下楼的时候他听到广播站在放歌,其实每天放学的时候广播站都会放歌,有时候是流行歌曲,有时候也有怀旧老歌,各色各样,学校从不插足。
现在这首歌曲听起来很欢快。
“…这世界总有人在忙忙碌碌寻宝藏,”
“却误了浮世骄阳,也错过人间万象。”
余烬朝前面那个脚步不停头也不回的人看了一眼,觉得对方大概两耳空空并没有听进心里。
“你笑得像光芒,蓦然把我照亮。”
轻快的歌曲适合分享,于是他跑过去,在对方的耳边打了个响指,在主歌和副歌的间隙中笑着说,“快听,时同学。”
时远从自己的世界中抬起头。
“就承认一笑倾城一见自难忘,说什么情深似海我却不敢当。”
“最浪漫不过与你并肩看夕阳,我心之所向。”
沉默的世界中忽然涌进一段轻快的旋律。
今天天气很好,阳光暖而不晒,风轻柔却不刺骨,天空很蓝,很有青春的感觉。
这是时远第一次体会到,原来“时光正好”是这种感受。
余烬像往常一样将手搭在时远的肩膀上,说:“要我说,这首歌应该晚上放,刚好有夕阳,比较应景。”
时远打破他的幻想:“晚上吃饭的时候天已经黑了。”
“你在梦里看夕阳么。”
余烬:“……”
好有攻击性的话语。
“今年快结束了,那可以等到明年夏天放这首歌。”
两人来到食堂,程朝他们已经吃了一半。
“我说你俩,每次都慢吞吞的,是有什么好事不告诉我们?”程朝挑了一根面条,吸溜一口,边嚼边瞪着两只大眼问。
路达说:“皇上不急太监急。”
“你再说一遍,谁是太监?”
“你!”
李言附和:“程朝。”
还有人补充:“太阳哥。”
余烬在时远对面坐下:“毕竟都姓太。”
“我靠!我怎么你们了?都攻击我?”
程朝抱怨完,搂住一旁的时远,“呜呜呜还是远子好,我们的革命情谊仍在,固若金汤!”
时远看了他一眼,“关爱二哈,人人有责。”
其他人一阵爆笑。
“笑毛啊你们!”
路达笑够之后,想起昨天的事,说:“哎,时远昨天唰唰那两下撂倒一个人,以后岂不是要喊一声远哥?”

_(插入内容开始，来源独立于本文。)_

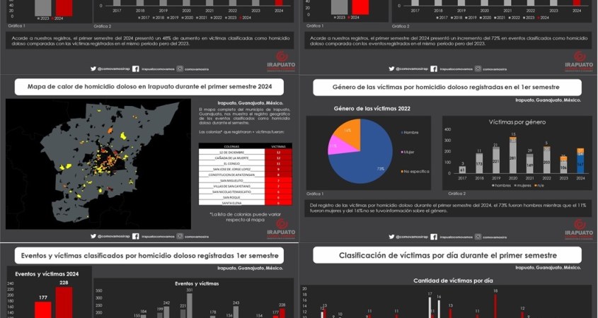El reporte semestral de víctimas por homicidio doloso del Observatorio Ciudadano Irapuato ¿Cómo Vamos? presenta la información condensada del registro de víctimas y eventos acontecidos en el municipio de Irapuato, Guanajuato.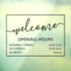 Horaires d'ouverture Cling de fenêtre avec du texte en noir ou en couleur sur un arrière - plan transparent avec le texte "bienvenue" dans une police de script de calligraphie élégante.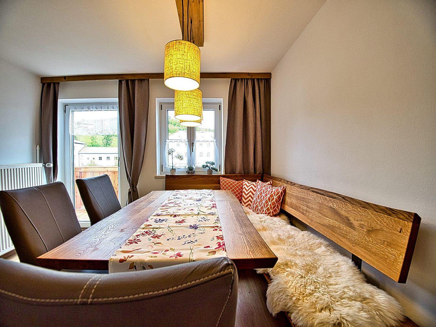 Die Ferienwohnung am Bruckenstüberl verbindet alpinen Charme mit modernem Wohnkomfort und erstreckt sich über zwei Etagen mit insgesamt 124?m² Wohnfläche – ideal für bis zu sechs Erwachsene und zwei Kinder. Alte und neue Holzelemente prägen das gesamte Interieur und verleihen der Wohnung eine warme, einladende Atmosphäre, die den Charakter des Hauses auf authentische Weise widerspiegelt.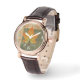 Die perfekte Armbanduhr aus viereckigem, braunem Leder mit einem Bild eines grünen, orangefarbenen und gelben Ahornblattes auf gesteppt grün und braun. Hier sehen Sie den passenden quadratischen Charme, großen quadratischen Premium-Schlüsselanhänger aus Metall und viereckigen doppelseitigen Acryl-Schlüsselanhänger. Sehen Sie sich die gesamte Erntedank-Watch-Sammlung unter der Rubrik ACCESSORIES im Bereich HOLIDAYS an.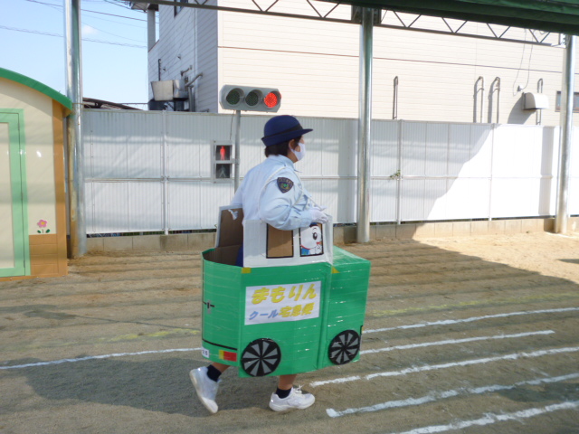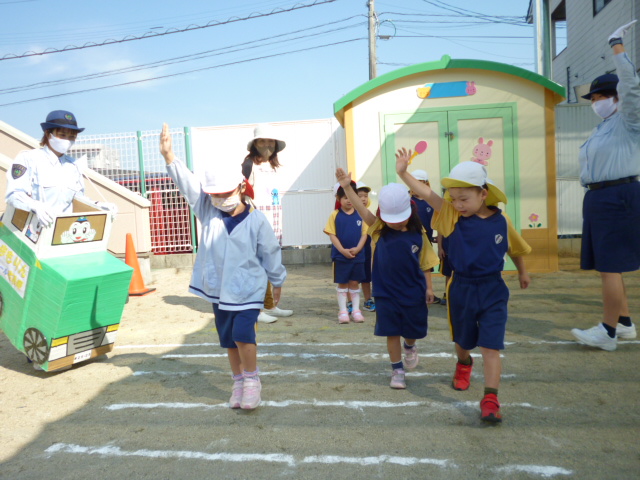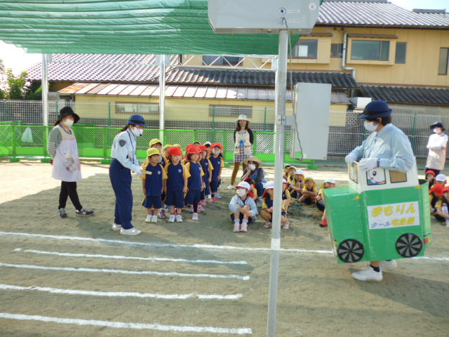 今年は、いつものおともだち「ラッキーくん」と「まもりん」はお休みでしたが、園庭に横断歩道や信号を設置していただき、指導員のおねえさんからやさしく丁寧に指導していただきました。子ども達もお行儀よくお話を聞くことができました。

余烬正在喝汤,舀了一勺,又重新放回碗中,连喊三声:“远哥,远哥,远哥。”
时远抬起头,在桌底下踩了他一脚,“别这么叫我。”
程朝:“这有什么不好意思的,别自卑,你担得起这个称呼,来,都跟我一起喊,远哥~”
时远:“我不收小弟。”
他看着程朝:“尤其像你这样的。”
程朝:“……”这就没意思了哈。
“话说回来,你俩是不是还要扫操场?”斜对面有个男生问。
余烬将不喜欢吃的东西挑出来,说:“对,午休之后。”
李言咂咂嘴,“这真是便宜陈浩那厮了,怎么不和你们一起扫?”
余烬可不想跟陈浩多打交道,“那可别了。”
“我们两个其实正好。”
“对吧,时同学?”
时远放下筷子,筷子碰到碗的边沿发出了叮咚一声脆响,他说:“我可没这么觉得。”
然后他抬起头,忽然听到了来自四面八方的声音。
就是周围很突然地变得吵闹的那种感觉。
他听见左边那张桌子有几个女生在讨论明天周末去哪玩,听见右边那张桌子一群男生在争论一场球赛,还有不知从什么地方传来的对学校的抱怨和吐槽,夹杂几声难听的脏话,混合在一起,却格外清晰,就像有人把他耳朵里塞了很久的棉花给拿走了,所有的这些声音便像河流一样涌进他的脑海中。
时远以前是不会关注这些的,他会刻意忽视,然后这些声音就真的被过滤掉了。
他如愿以偿,很长一段时间都是一个人,很久以来世界都很安静。
可直到此刻,这种感觉又回来了。
“发什么呆啊?”余烬在他眼前晃了晃,支着下巴猜测,“难道在我帅气的外表下迷失了双眼?”
时远拿起勺子在汤碗里搅了搅,抬起眼,笑得漫不经心又真心实意,“你可真幽默。”
“哎哎哎,快看快看!那边!”程朝忽然指着一个方向,压低声音对众人说:“说曹操曹操就到,死耗子又来装逼了。”